The National Labor Relations Board (NLRB) overturned a 2016 decision on Tuesday that required employers to bargain with a newly certified union before the employer imposes “serious discipline” in the absence of a first contract.
The case involved a group of workers at a rehabilitation and nursing care facility who were suspended, and one worker who was fired, during the negotiations for an initial collective bargaining agreement. The question for the NLRB involved whether the employer violated Sections 8(a)(5) and (1) of the National Labor Relations Act by reducing the employees’ payroll hours from 40 hours per week to 37.5 hours per week and disciplining the employees without first providing the union with notice and an opportunity to bargain.

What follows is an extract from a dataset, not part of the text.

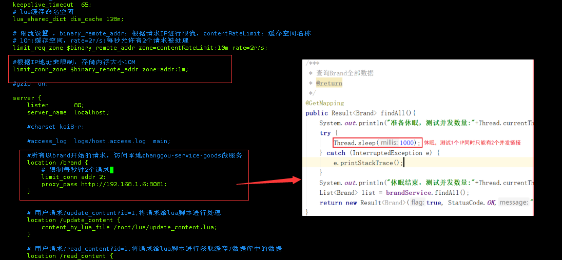 | http {     include       mime.types;     default_type  application/octet-stream;          lua_shared_dict dis_cache 128m;          limit_req_zone $binary_remote_addr zone=contentRateLimit:10m rate=2r/s;          limit_conn_zone $binary_remote_addr zone=addr:1m;     sendfile        on;               keepalive_timeout  65;          server {         listen       80;         server_name  localhost;                  location /brand {             limit_conn addr 2;             proxy_pass http://192.168.1.6:8081;         }         location /update_content {             content_by_lua_file /root/lua/update_content.lua;         }         location /read_content {             limit_req zone=contentRateLimit burst=4 nodelay;             content_by_lua_file /root/lua/read_content.lua;         }     } }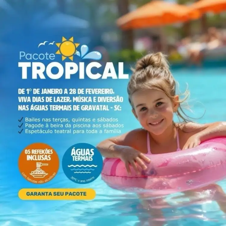 E para completar, você também poderá participar de hidroginástica na piscina e dentre outras recreações para se sentir renovado e aproveitar sua estadia no Hotel Internacional em Termas do Gravatal.

The NLRB reasoned that the Board’s decision in 2016 created a conflict with US Supreme Court precedent in NLRB v. Weingarten, Inc. (1975), misconstrued the general-unilateral doctrine with respect to what constitutes a material change in working conditions under NLRB v. Katz (1962) and imposed a “complicated and burdensome” scheme that is inconsistent with general bargaining practices. In a press release, the NLRB noted that the Tuesday decision eliminates an employer’s “obligation to bargain before imposing discretionary discipline that is materially consistent with the employer’s established policy or practice.” However, the NLRB upheld the portion of the Administrative Law Judge’s decision in the initial case, which found that the employer did violate Section 8(a)(5) and (1) when it unilaterally changed the employees’ payroll hours from 40 hours per week to 37.5 hours per week.
The Board’s decision on Tuesday is to be applied retroactively to all pending cases, resulting in the dismissal of many claims.